It is true that not every case that is brought against a broker for the misappropriation of funds entrusted to his or her care necessarily entails recovery from the Fund. For example, the lawsuit may be settled, the broker may defend the suit successfully, or the realtor may satisfy fully any judgment against him or her. Because unproductive intervention wastes the resources of the Department, its efforts should be restricted to cases which will result in claims against the Fund. See D’Occhio v. Connecticut Real Estate Com. (1983), 189 Conn. 162, 175, 455 A.2d 833, 839; note, 56 Chi-Kent L. Rev. 401, 421-22 (1980).

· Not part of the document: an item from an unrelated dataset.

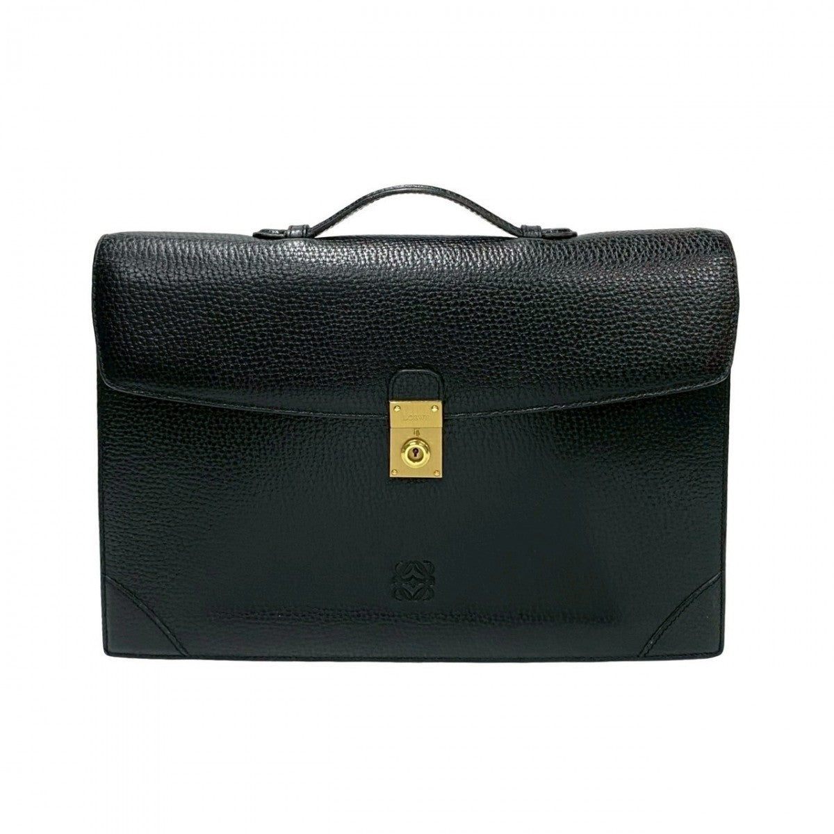 LOEWE Business bag leather black Anagram logo Metal mens Used Authentic

Relying upon two criminal cases that have construed “may” and “would” as synonymous (People v. Powell (1982), 107 Ill. App. 3d *887418, 420; People v. Malloy (1980), 83 Ill. App. 3d 344, 347), the plaintiff erroneously argues that the word “may” in section 8.3(a) (“a judgment which may result in collection from the *** Fund”) should be interpreted as “would.” Based upon his interpretation of the statute, the plaintiff concludes that notice is not required until it becomes apparent that the real estate broker cannot satisfy a judgment. The plaintiff concludes that he was not required to give the Department notice of the lawsuit until late in 1983, when it became clear that he would be unable to recoup his $10,000 earnest money from the real estate broker. Such an interpretation of the statutory language is unreasonable and would render the notice requirement a virtual nullity, for a plaintiff normally would not have sufficient knowledge at the initial stage of the litigation to determine whether he would or would not be able to collect damages from the realtor.

Section 8.3(b) of the Act obligates the plaintiff to establish that he complied with the requirements of section 8.3, including the notice provisions of section 8.3(a) (Ill. Rev. Stat. 1981, ch. 111, par. 5718). Also, section 8.3(c) requires that the trial court be satisfied the plaintiff complied with all those requirements before ordering the Department to make payment from the Fund. (Ill. Rev. Stat. 1981, ch. 111, par. 5718(c).) Furthermore, section 8.8 expressly states that the applicant’s failure to comply with the Fund provisions of the Act shall constitute a waiver of that person’s right under the Act. (Ill. Rev. Stat. 1981, ch. 111, par. 5723.) In light of those clear statutory pronouncements, as well as the principle that the statutory language must be construed strictly, we hold that the plaintiff has waived his right to recover from the Fund due to his failure to satisfy the statutory notice requirement.

The judgment of the court of Kane County is reversed.

Reversed.

NASH, P.J., and REINHARD, J., concur.